Gigabyte GZ-M1 Small , good quality I've read some reviews, cheap but it you can only install 2 90mm fans.
HKC 4670D Pro's :Small case, cheap, nice design also has 120mm fan front and 2 80mm mounting holes rear . Cons : i don't know anything about the build quality of the case.
Chieftec UNI BD-02B-B / Chieftec Smart SD-01B-BPro's : 3 x 90mm fan option. Cons: doesn't look so good, relatively expensive.
Silverstone SST-SG02B SUGO Pro's : looks nice , 3 80mm fans. con's : maybe too small for a good cpu cooler to keep the i5 cool , expensive.
Lian Li PC-A05N  Pro's : Very neat looking, good build quality , 2 x 120mm fans and still relatively small.
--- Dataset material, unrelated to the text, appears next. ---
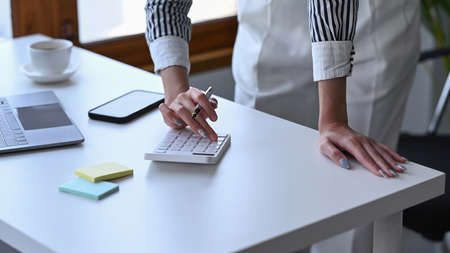 Female accountant standing at office desk and using calculator.
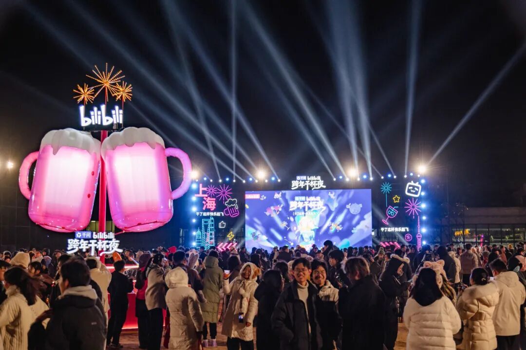 晚上6点,滨海的夜空,薄云轻笼,带着湿意的海风徐徐掠过沙滩,裹挟着冬日的凛冽寒意,但现场涌动的人潮与高涨的热情,瞬间驱散了这份冷意,处处洋溢着跨年的火热氛围。作为bilibili跨年干杯夜线下联动场地之一,这里成为了年轻人的欢乐聚集地。

Cons: EXPENSIVE.
Silverstone TJ08Pro's : 2 x 120mm fans, good build quality. Con's: expensive, old model (2006), relatively big.
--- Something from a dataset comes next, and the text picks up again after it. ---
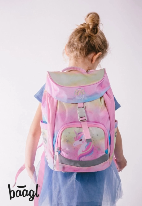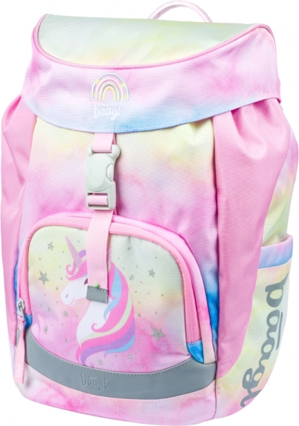 De Baagl Airy Rainbow Unicorn is een geweldige metgezel voor dagelijkse schoolavonturen. Deze rugzak biedt ergonomisch gevormde rug met AIRFLOW ERGO SYSTEEM, dat zorgt voor ademend vermogen en comfort. Dankzij de volledig verstelbare schouderriemen kan hij aan elk lichaamstype worden aangepast, en borst- en heupriemen zorgen voor een gelijkmatige gewichtsverdeling.

So these are the cases I've found so far and I don't know which to choose.
Please let me know if you know another case I could buy and which one you think I should buy.


----------



## de.das.dude (Jul 15, 2010)

DUDE go for the CHENBRO mini tower cases. these cases are awsome, and customisable by order to a large extent!!!

www.chenbro.com


----------



## mudkip (Jul 15, 2010)

de.das.dude said:


> DUDE go for the CHENBRO mini tower cases. these cases are awsome, and customisable by order to a large extent!!!
> 
> www.chenbro.com



not widely available here in The Netherlands. sorry it's not an option


----------



## 1nf3rn0x (Jul 15, 2010)

Antec 300 is a nice case, has PLENTY of fans (five to be exact) and it's a mid size tower case. It has a 14cm fan on top, one 120mm exhaust fan at the back, it has one 120mm intake/exhaust fan on the side of the case and two front 120mm intake fans. The psu is mounted at the bottom so it offers great airflow and it's only $50-70 depending on which country you live in! It's very spacious aswell and can fit large video cards!

Dimensions:
18" (H) x 18.3" (D) x 8.1" (W) (inches)
45.8 (H) x 46.5 (D) x 20.5 cm (W) (cm)

It's height, depth, width. It's a nice case and very pretty with l.e.d fans at the front. These ain't my pictures but just examples of how it looks.[
	

	
	
		
		

		
			









This is an Antec 300 except painted black inside:


----------



## mudkip (Jul 15, 2010)

Please read the OP next time. Antec 300 is way too big for me.


----------



## 1nf3rn0x (Jul 15, 2010)

It's 5cm taller..nothing much


----------



## de.das.dude (Jul 15, 2010)

mudkip said:


> not widely available here in The Netherlands. sorry it's not an option



they have to be shipped of course. did u check the distributer list in The Netherlands?


----------



## InnocentCriminal (Jul 15, 2010)

I suggest looking at NZXT's Rouge - right sexeh...






... in black.


----------



## majestic12 (Jul 15, 2010)

I'm using a Cooler Master Elite 341 for my uATX setup and it is a wonderful case, with exception to the lack of cable management options.  It supports 4 120mm case fans as well and looks fairly plain.  The build quality may be a little lower than some of the ones you listed, but it might be a good alternative if you can find it for cheap.  If it was a bit smaller, my first choice for a uATX case would the Antec mini p180.  Of the ones you listed, the Lian-Li is my first pick.  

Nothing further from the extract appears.